Cooperating with the Colossus

A Social and Political History of US Military Bases in World War II Latin America

Rebecca Herman

Publication Date - September 2022

ISBN: 9780197531877

320 pages
Paperback
6 1/8 x 9 1/4 inches

In Stock

Description

During the Second World War, the United States built over two hundred defense installations on sovereign soil in Latin America in the name of cooperation in hemisphere defense. Predictably, it proved to be a fraught affair. Despite widespread acclaim for Pan-American unity with the Allied cause, defense construction incited local conflicts that belied the wartime rhetoric of fraternity and equality.

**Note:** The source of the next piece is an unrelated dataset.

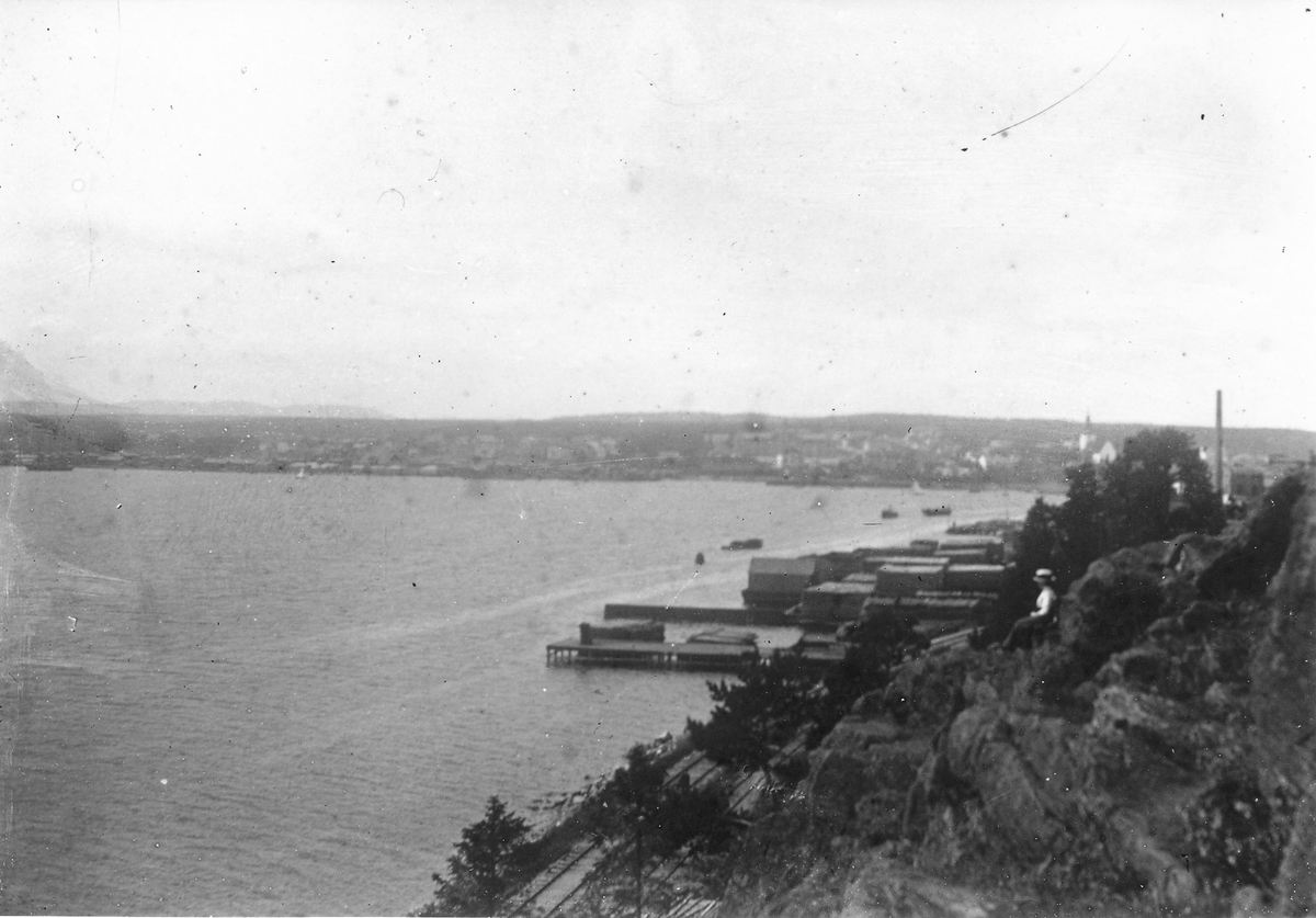 Hudiksvall, utsikt från Köpmanberget in mot fjärden och staden.

Cooperating with the Colossus reconstructs the history of US basing in World War II Latin America, from the elegant chambers of the American foreign ministries to the cantinas, courtrooms, plazas, and brothels surrounding US defense sites. Foregrounding the wartime experiences of Brazil, Cuba, and Panama, the book considers how Latin American leaders and diplomats used basing rights as bargaining chips to advance their nation-building agendas with US resources, while limiting overreach by the "Colossus of the North" as best they could. Yet conflicts on the ground over labor rights, discrimination, sex, and criminal jurisdiction routinely threatened the peace. Steeped in conflict, the story of wartime basing certainly departs from the celebratory triumphalism commonly associated with this period in US-Latin American relations, but this book does not wholly upend the conventional account of wartime cooperation. Rather, the history of basing distills a central tension that has infused regional affairs since a wave of independence movements first transformed the Americas into a society of nations: national sovereignty and international cooperation may seem like harmonious concepts in principle, but they are difficult to reconcile in practice.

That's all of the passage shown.